The output is quite verbose. Run the following command (specifying the
name of the result file with '-o tdg.out'):

> `java -cp tdg12.jar tdg.results.All -o tdg.out -gc vertebrate_mit -tau 1e-6 -kappa 7.8 -pi 0.25,0.25,0.25,0.25 -mu 2.3`

The global parameters should be the same as were specified when you run
the analysis. This command reads the results file and the global
parameters from the command-line, and writes the files:

F.txt
: Fitness values for each amino acid at each site

Q0.txt
: Neutral mutation matrix for entire alignment

S.txt
: Selection coefficients matrix for each site

QS.txt
: Mutation with selection matrix for each site

PiS.txt
: Codon frequencies at each site

PiAA.txt
: Amino acid frequencies at each site

distribution.mutations.csv
: the distribution of selection coefficients for mutations

distribution.substitutions.csv
: the distribution for substitutions.

The last two are comma-separated value files that can be opened in a
program like Excel to plot the distribution. The three columns in the
distribution files are (i) the histogram bins for _S_ (ii) all
mutations/subsitutions and (iii) non-synonymous mutations/substitutions.

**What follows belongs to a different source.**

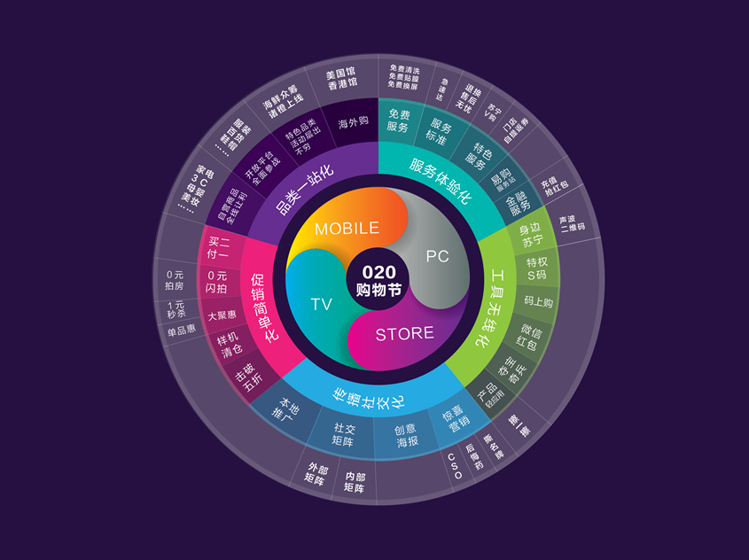 由此可见如今的双十一不再是阿里一个人的狂欢,从传统行业转型互联网零售的苏宁,正在O2O商业模式快速发展的今天,对阿里的平台模式造成巨大威胁,此番抢跑双十一的苏宁O2O购物节无论在活动时长、活动力度、 参与商户、覆盖地域和广告投放力度上,均与阿里系的双十一形成了针锋相对的对垒态势。
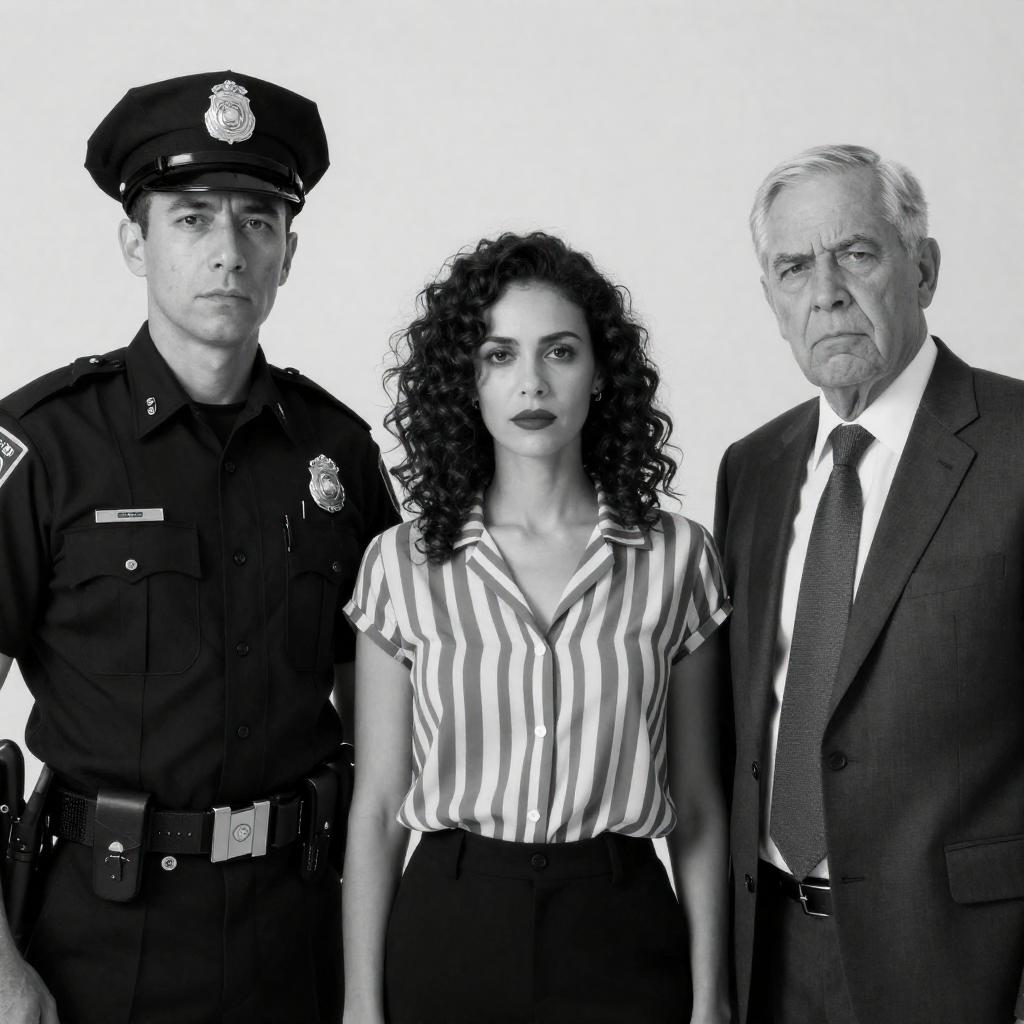 Black and white portrait of three serious-looking individuals against a neutral background. On the left stands a male police officer in full uniform with a peaked cap and badge, wearing a utility belt. In the center is a woman with curly hair, wearing a short-sleeved striped blouse and dark lipstick. On the right is an older man dressed in a dark suit, white shirt, and tie with a slightly furrowed brow. The image captures a stoic and intense group dynamic.

![](https://raw.github.com/tamuri/tdg12/master/docs/tutorial/results/exact/plot.png)

Simulating data using the mutation-selection model
--------------------------------------------------

### Simulating a single set of fitnesses (for one site)

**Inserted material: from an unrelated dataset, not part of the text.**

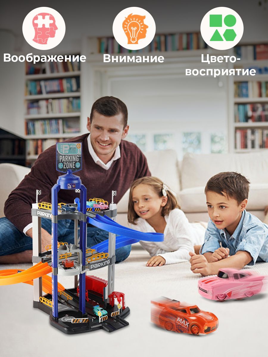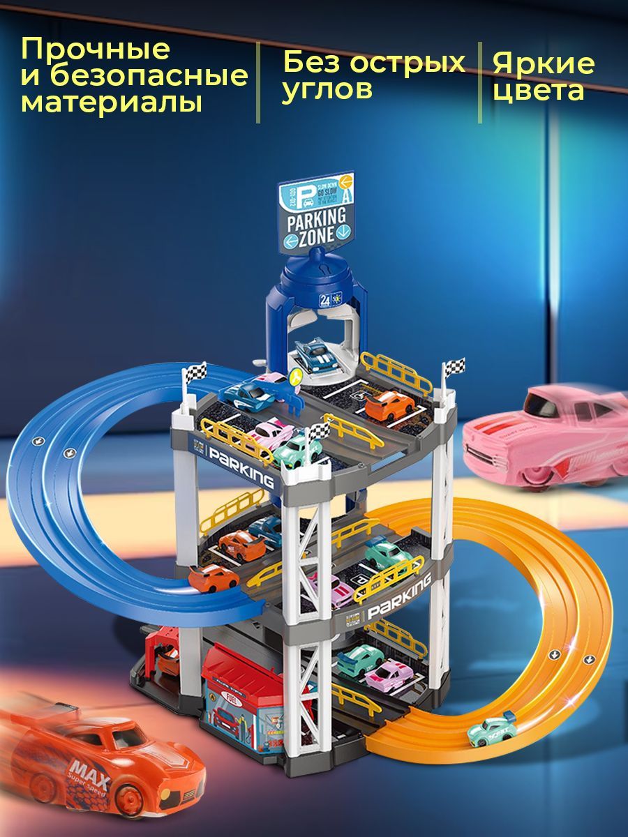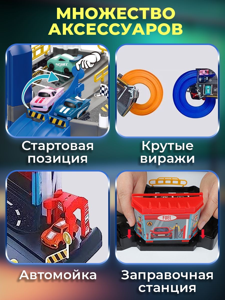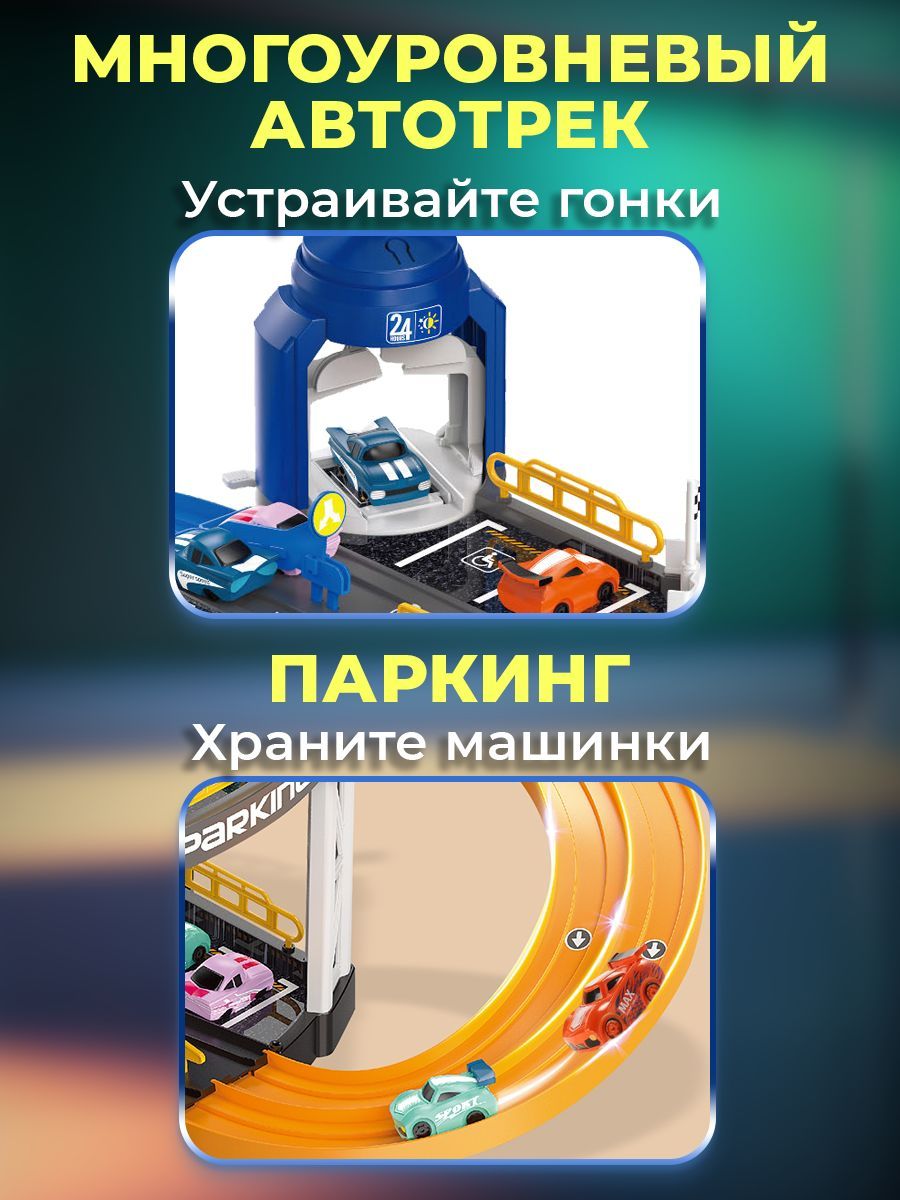 Автотрек и набор машинок малышу WiMi, парковка интерактивная, гараж для машинок, горка детская развивающая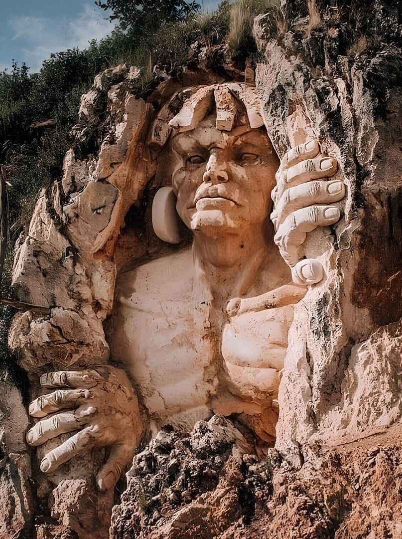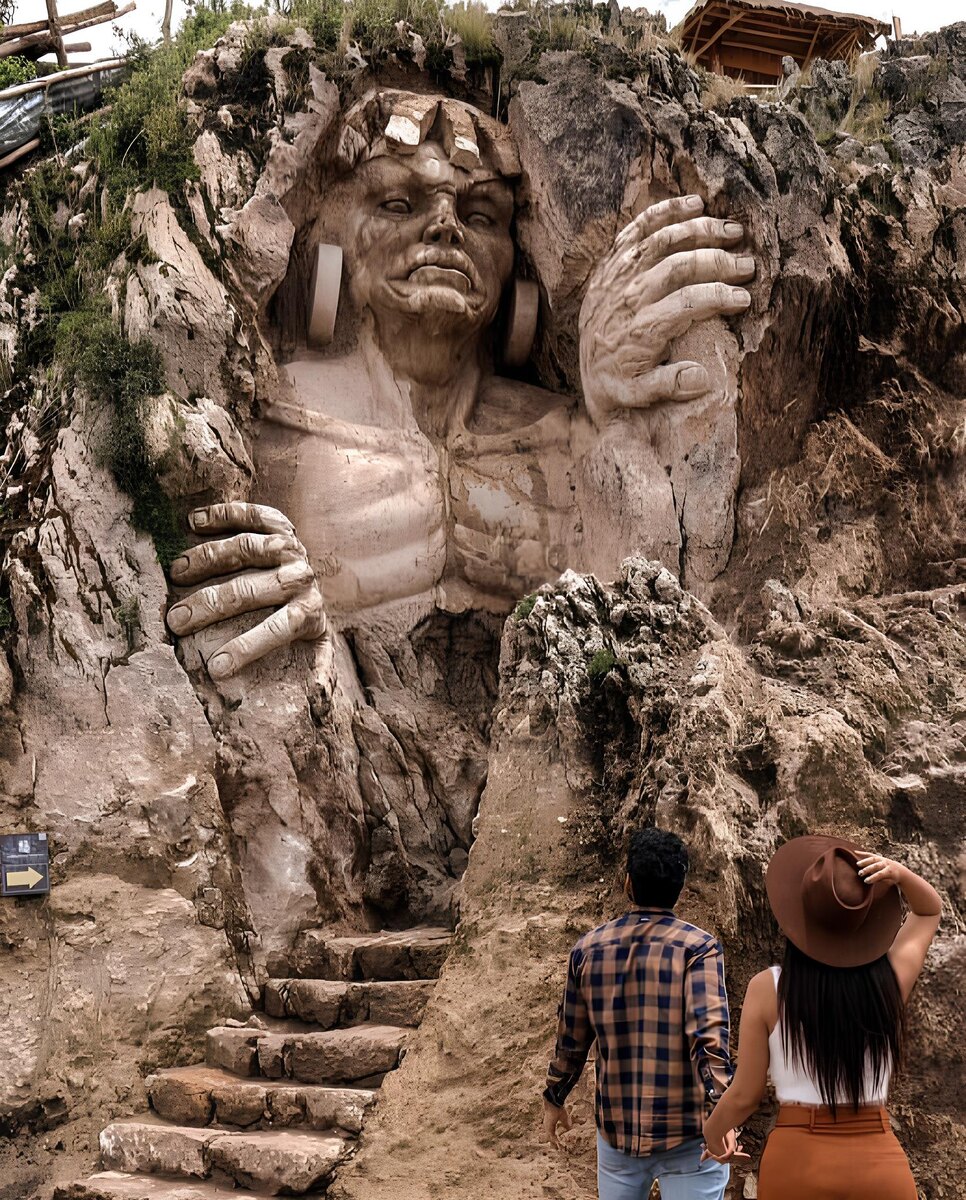 Скулптурата се наоѓа во Перу, 13 километри од градот Куско, и е дело на перуанскиот уметник Мајкл Монтеагудо, создадена во 2021 година. Издлабена со длето и чекан, скулптурата го прикажува еден од боговите на древната цивилизација Инки.

> `java -cp tdg12.jar tdg.sim.AlignmentSimulator -tree sim.tree -output out.phy -sites 100 -fitness 0.0,0.2,0.3,1.0,0.5,0.6,0.7,0.8 -characters A,R,N,D,C,Q,E,H -tau 0 -pi 0.25,0.25,0.25,0.25 -mu 1.0 -gc standard`

This command will write an alignment file 'out.phy' (in PHYLIP format)
simulating a site (100 times) on the tree 'sim.tree' with the specified
fitnesses for the specified characters. Characters that do not appear in
the -characters option are not observed at that site (i.e. have fitness
of -∞). Set the global parameters as required.

### Simulating multiple sets of fitnesses (for multiple sites)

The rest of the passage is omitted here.